__WHAT NEEDS TO BE DONE__: Provide an exact copy of the data, excluding the images.

__RECORD SET__:
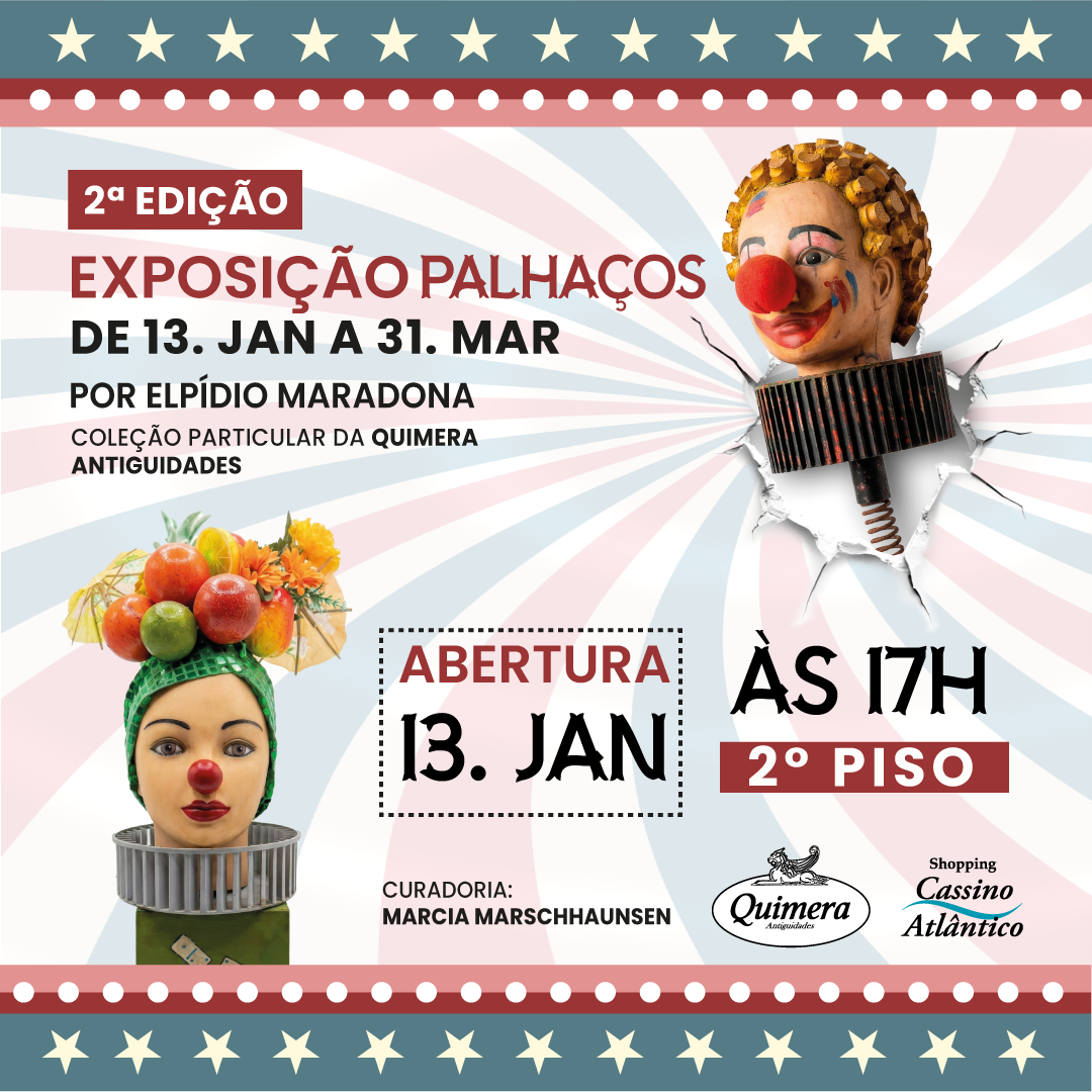 🎪✨ Exposição Palhaços – 2ª edição O Shopping Cassino Atlântico apresenta a Exposição Palhaços 2ª edição, com obras de @elpidiomaradona que exploram o universo do palhaço como expressão artística, sensível e profundamente humana. Uma experiência visual envolvente, que transita entre o lúdico, a memória e a emoção. ✨ Você não pode perder. 🗓 Inauguração da exposição: 13 de janeiro, às 17h 📍 2º andar – Shopping Cassino Atlântico 📆 Visitação: de 13/01 a 31/03 🎨 [...]
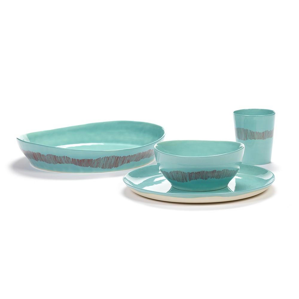 Wenn wir Gäste empfangen, bringen wir immer gerne schöne Gerichte, elegante Sets und originelle Gerichte heraus. Die Feast-Kollektion von Ottolenghi für Serax passt perfekt zu dieser Situation. Letztere präsentiert eine Vielzahl von Produkten mit originellen Farben und Designs, die bei Ihren Gästen einen guten Eindruck hinterlassen. Hier ist diese weiß-blaue Feast Servierplatte mit hohem Rand ideal zum Präsentieren Ihrer Gerichte. Dort können Sie Ihr Fleisch und Ihre Beilagen während des Essens platzieren oder sogar Kuchen und Obst zum Nachtisch. Schöne, große Gefäße müssen immer griffbereit sein, und noch besser ist es, wenn sie modern sind wie die der Feast-Kollektion. Sie sind auch in vielen Farben und Größen erhältlich, um Ihnen eine große Auswahl an Möglichkeiten zu bieten, die Sie jetzt auf unserer Website finden!
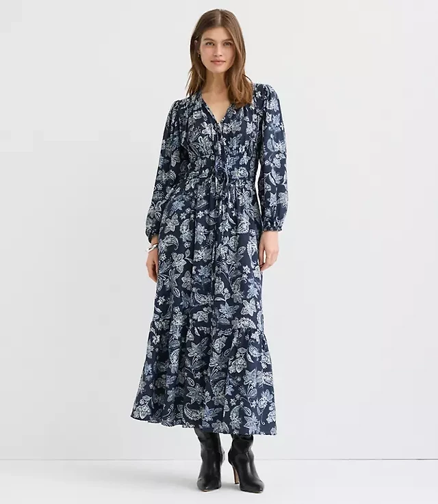 Lauren Ralph Women's Floral Print V-Neck Tiered Maxi Dress
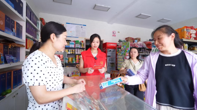 2025年6月25日,监利市荒湖管理区文明实践志愿者引导群众在“美丽荒湖爱心积分兑换超市”兑换奖品。李超 摄
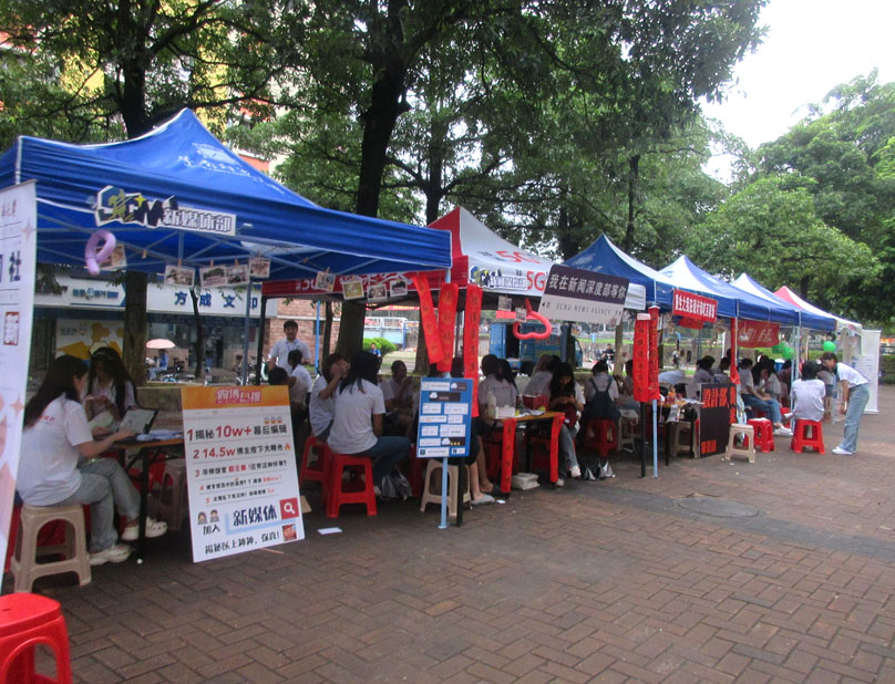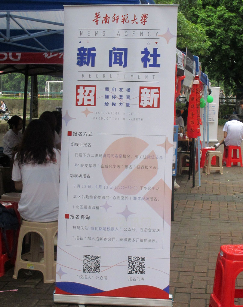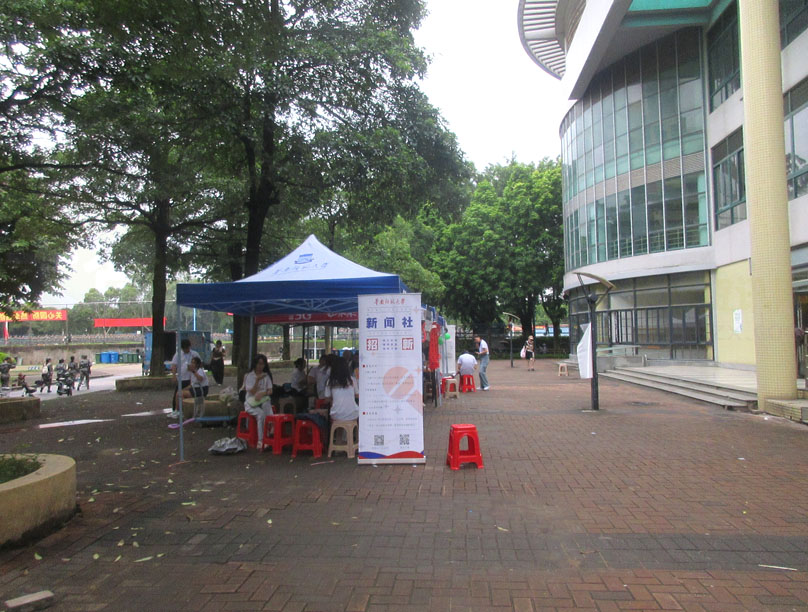 华南师范大学新闻社2023招新摊宣 正在南生活区楠园饭堂外空地进行

__RESPONSE AREA__:
 🎪✨ Exposição Palhaços – 2ª edição O Shopping Cassino Atlântico apresenta a Exposição Palhaços 2ª edição, com obras de @elpidiomaradona que exploram o universo do palhaço como expressão artística, sensível e profundamente humana. Uma experiência visual envolvente, que transita entre o lúdico, a memória e a emoção. ✨ Você não pode perder. 🗓 Inauguração da exposição: 13 de janeiro, às 17h 📍 2º andar – Shopping Cassino Atlântico 📆 Visitação: de 13/01 a 31/03 🎨 [...]
 Wenn wir Gäste empfangen, bringen wir immer gerne schöne Gerichte, elegante Sets und originelle Gerichte heraus. Die Feast-Kollektion von Ottolenghi für Serax passt perfekt zu dieser Situation. Letztere präsentiert eine Vielzahl von Produkten mit originellen Farben und Designs, die bei Ihren Gästen einen guten Eindruck hinterlassen. Hier ist diese weiß-blaue Feast Servierplatte mit hohem Rand ideal zum Präsentieren Ihrer Gerichte. Dort können Sie Ihr Fleisch und Ihre Beilagen während des Essens platzieren oder sogar Kuchen und Obst zum Nachtisch. Schöne, große Gefäße müssen immer griffbereit sein, und noch besser ist es, wenn sie modern sind wie die der Feast-Kollektion. Sie sind auch in vielen Farben und Größen erhältlich, um Ihnen eine große Auswahl an Möglichkeiten zu bieten, die Sie jetzt auf unserer Website finden!
 Lauren Ralph Women's Floral Print V-Neck Tiered Maxi Dress
 2025年6月25日,监利市荒湖管理区文明实践志愿者引导群众在“美丽荒湖爱心积分兑换超市”兑换奖品。李超 摄
 华南师范大学新闻社2023招新摊宣 正在南生活区楠园饭堂外空地进行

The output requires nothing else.